Award Information
Description of original award (Fiscal Year 2022, $306,271)
The estimation of ancestry from skeletal remains is one of the most crucial tasks of forensic anthropology. Craniometric data is the most commonly used data source for this task. Multiple statistical and computational methods have been developed for craniometric ancestry estimation, including but not limited to linear discriminant analysis (LDA), geometric morphometrics (GM), mixture model-based clustering, and Artificial Intelligence (AI). While LDA remains the most commonly used method, AI or machine learning-based methods often outperform traditional statistical methods (e.g., LDA) as the accuracy of the predictions. Currently, the state-of-art software for craniometric ancestry estimation based on machine learning is AncesTrees, which uses a traditional machine learning method, random forest. The classification accuracy with their 6-group (European, African, Austro-Melanesian, Polynesian, Native American, East Asian) model is about 80% while using their test samples from Africa and Europe. This accuracy is based on traditional caliper measurements. Another type of craniometric data is 3D coordinates of cranio-landmarks and a popular database of this type of data is 3D-ID. However, recent 3D-ID’s ancestry estimation algorithm evaluations showed that its accuracy might be lower than LDA with caliper measurements.

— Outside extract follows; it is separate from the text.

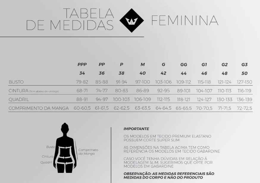 Possui fechamento em zíper, com cortes verticais que alongam a silhueta e modelagem slim que se ajusta ao corpo, oferecendo o máximo de conforto para o seu dia a dia.
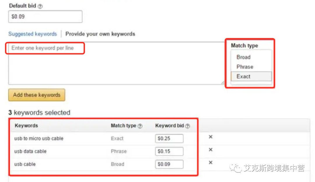手动广告关键词分为广泛匹配、词组匹配和精准匹配。无论采取那种匹配方式,广告的选词都很重要,下文我一一列举:

Our hypothesis is that the craniometric ancestry estimation accuracy can be further improved using deep learning (DL). DL is a recent breakthrough in AI that has surpassed the traditional machine learning methods in many areas. Its real-world applications in biology, including some from our lab, suggested that its good performance not necessarily requires large data sets. The overall objective of this application is to develop deep learning models to estimate ancestry using craniometric data. Specifically, we plan to pursue the following specific aims: Aim 1: Use deep learning methods to build prediction models to classify a skull of unknown ancestry to each of the six groups (European, African, East Asian, African American/European-African Admix, Latin American/European-American-African Admix, Middle Eastern/European-East-Asian Admix) with associated probabilities using the 3D-ID data set. Our models will also handle incomplete skulls and provide uncertainty estimation. Aim 2: Compare the performance of our models with the original 3D-ID algorithm, using independent test data. Aim 3: Implement our models into a web service for other researchers and law enforcement agents.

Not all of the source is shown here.